# Work instructions
Print exactly what appears from the line containing "Suaves y adorables" through the final line of the data below, pictures excluded.
Task material Block Start
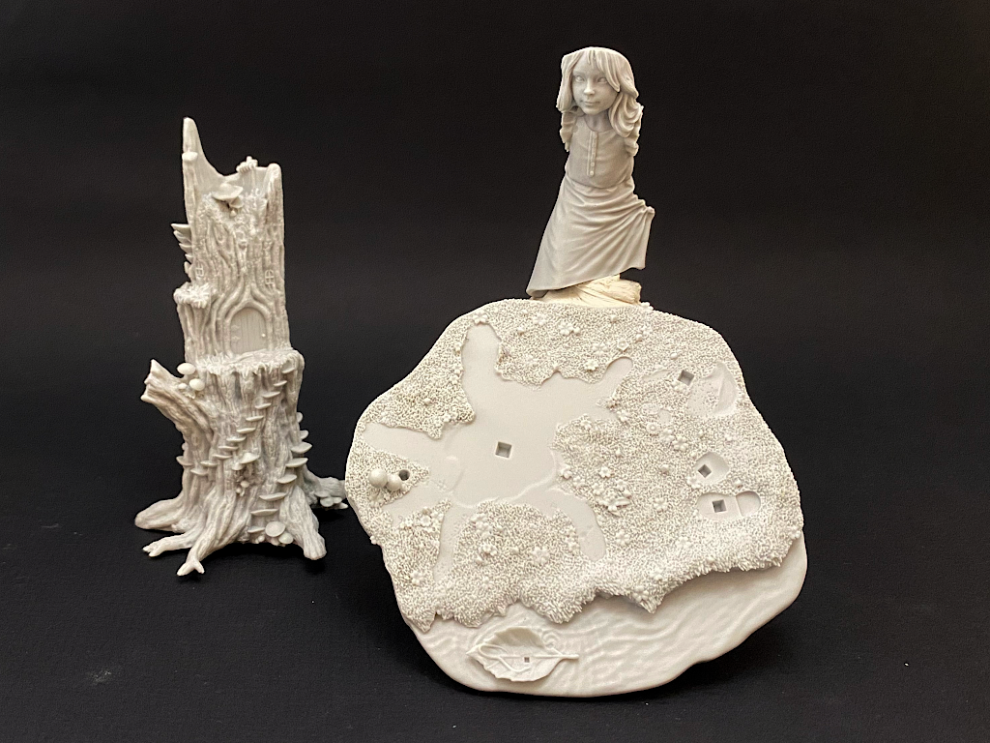 인형 머리카락은 금발로 잡고, 번트 움버와 옐로우 오우커, 흰색 조합입니다.
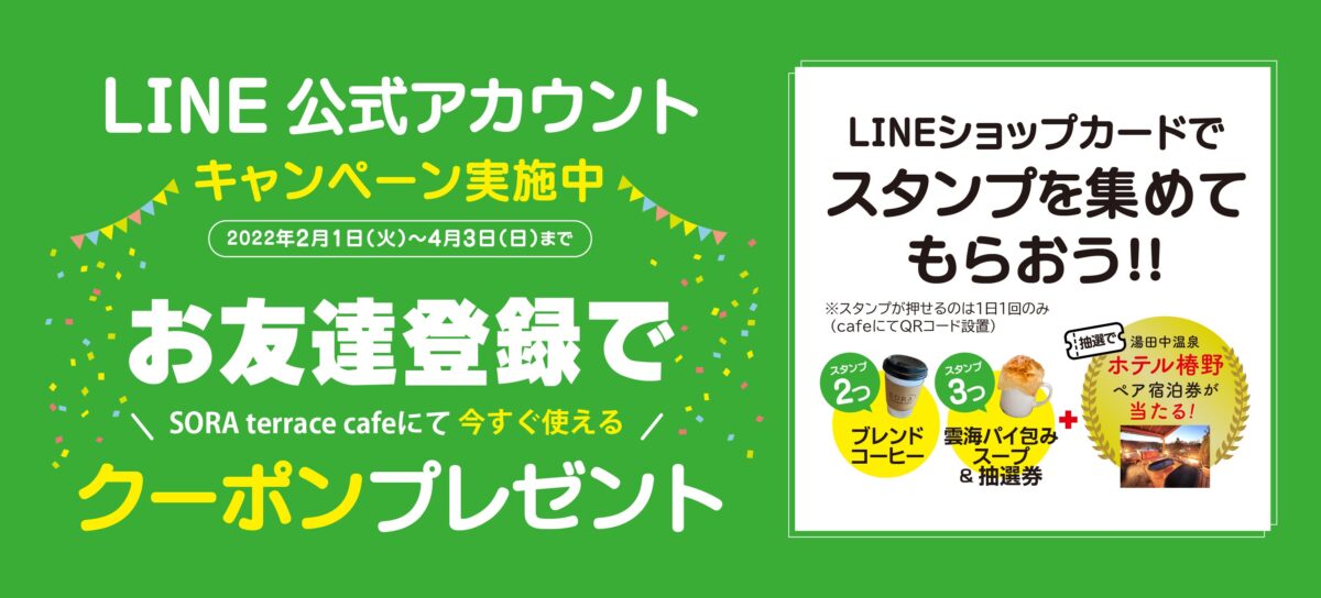 竜王スキーパークの公式LINEアカウントをお友達登録すれば、SORA terrace cafe でスグに使えるクーポンをプレゼント!!
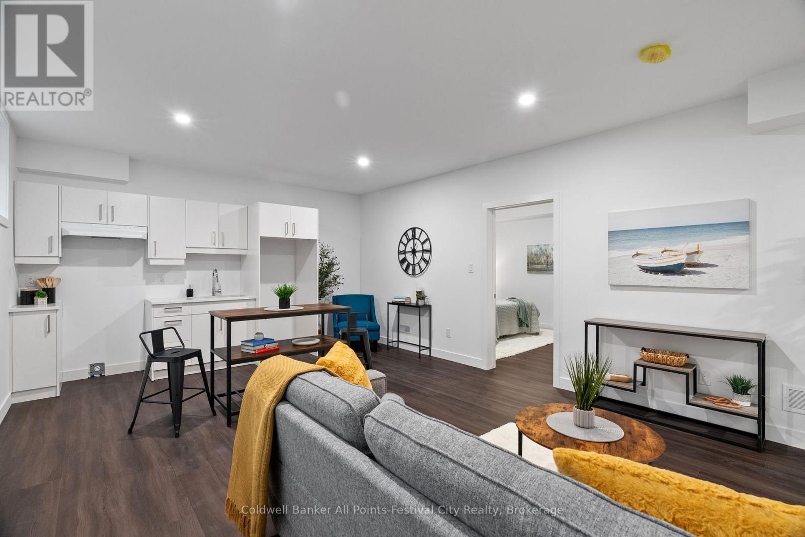 Stunning Brand-New Bungalow in Goderich! Beautifully designed 4-bedroom, 3-bathroom semi-detached bungalow offering over 1,700 sq. ft. of modern living space in a quiet Goderich location. The exterior features elegant brickwork, covered porch, attached garage, double driveway, and private rear patio. Inside, enjoy an open-concept layout with quartz countertops, porcelain tile, and premium finishes throughout. The main level includes a luxurious primary suite with glass shower ensuite, second bedroom, large laundry room, and direct garage access. The fully finished lower level adds exceptional space with a second kitchen, two bedrooms, full bath, and bright living area-ideal for family or guests. Separate entrances offer income potential! (42145397)
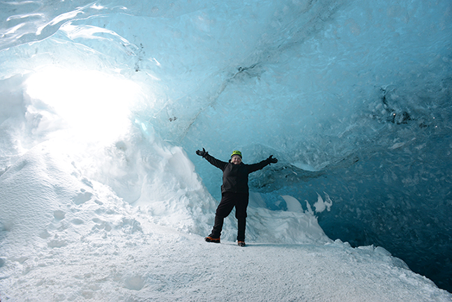 The ice was so blue! Inside, it can be 20 meters thick. Each year, the opening can change depending on whether nature fills in the opening or makes a new.
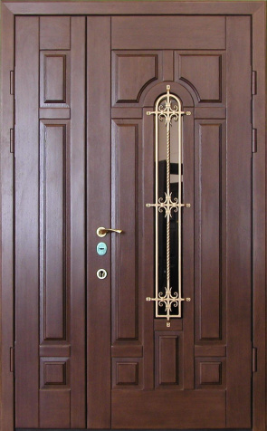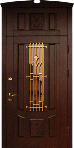 Дизайнерская входная дверь в частный дом с отделкой под дерево и решеткой №17
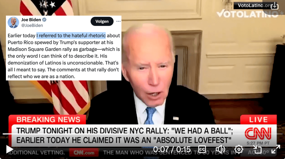 President (?) Biden noemt alle Trump-stemmers "garbage", Witte Huis ontkent
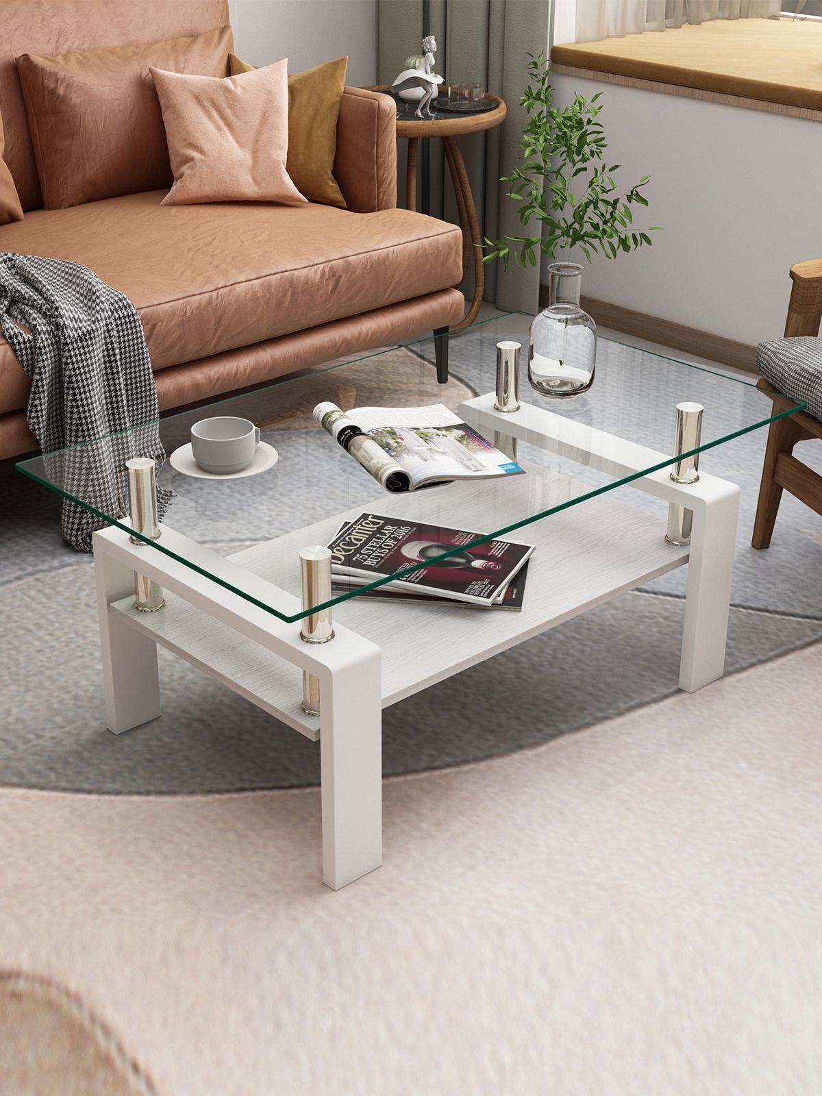 Журнальный столик со стеклянной поверхностью — это яркий акцент, способный преобразить пространство гостиной. Он придает интерьеру современный вид, ощущение легкости и стиля, становясь не просто предметом мебели, а центральным элементом декора. Такой столик отличается удивительной универсальностью: он может служить подставкой для книг и журналов, превращаться в мини-бар для вечеринок или в уютное место для чаепития.
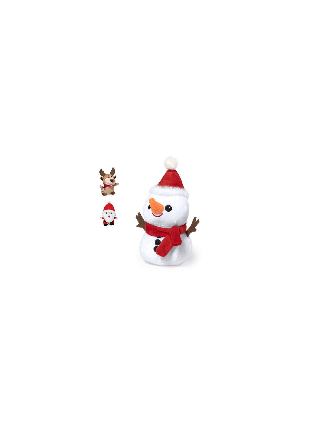 Suaves y adorables peluches con motivos navideños. Disponibles en tres divertidos y originales diseños: Papa Noel, Muñeco de Nieve y Reno. Presentado en bolsa individual reciclada. Composition : Poliéster.
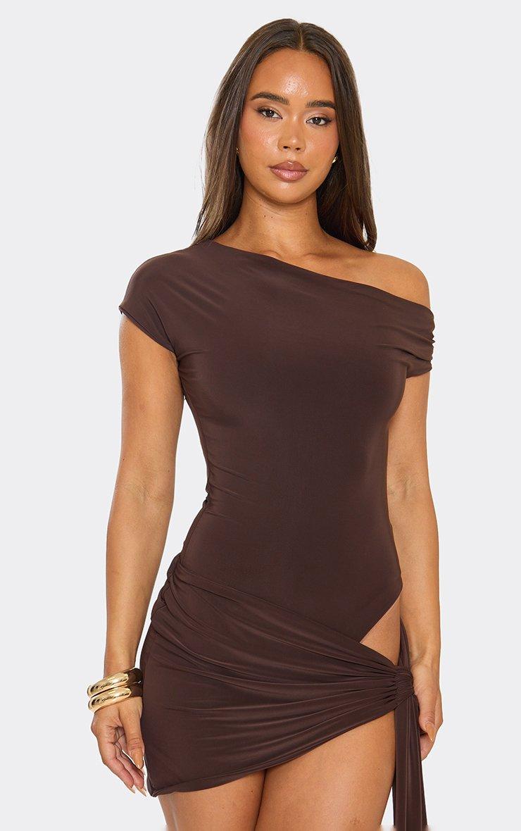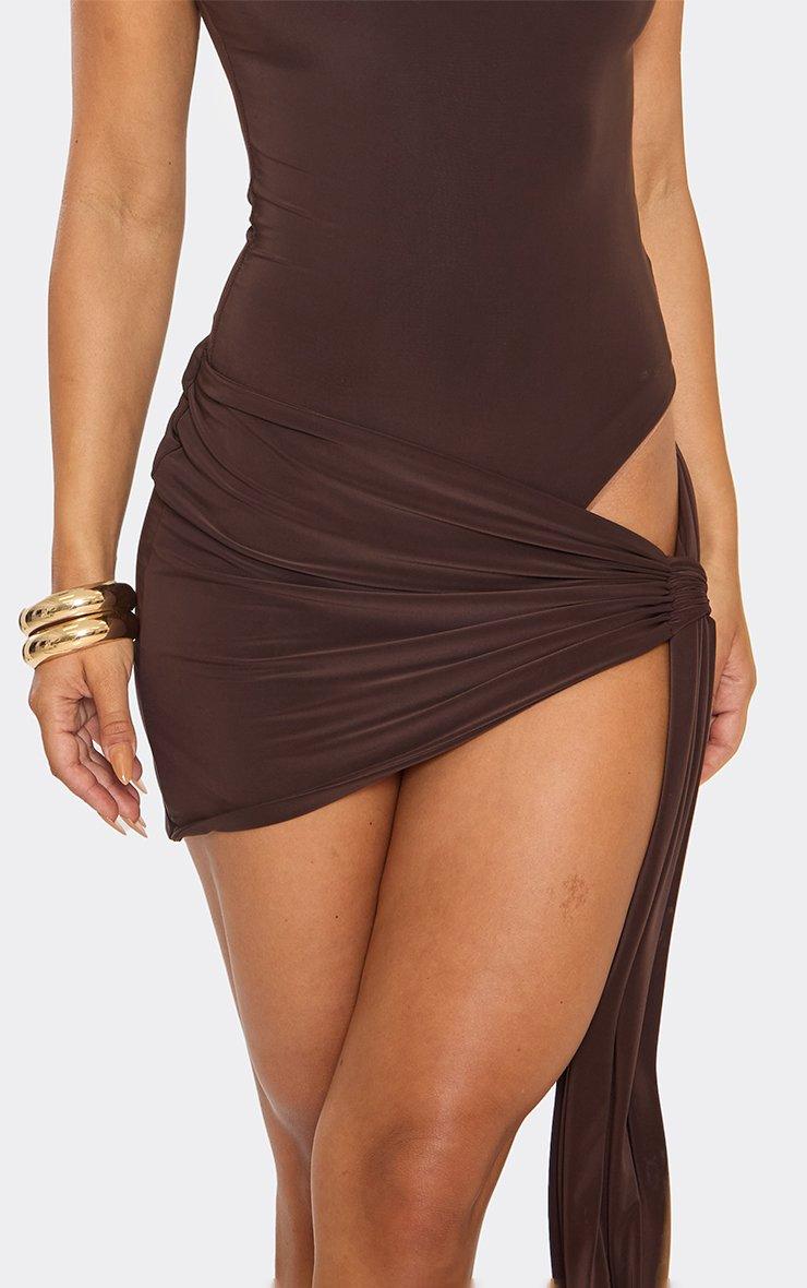Low Waist Drape Detail Mini Skirt In Brown Slinky
Task material Block End
# Written response
 Suaves y adorables peluches con motivos navideños. Disponibles en tres divertidos y originales diseños: Papa Noel, Muñeco de Nieve y Reno. Presentado en bolsa individual reciclada. Composition : Poliéster.
Low Waist Drape Detail Mini Skirt In Brown Slinky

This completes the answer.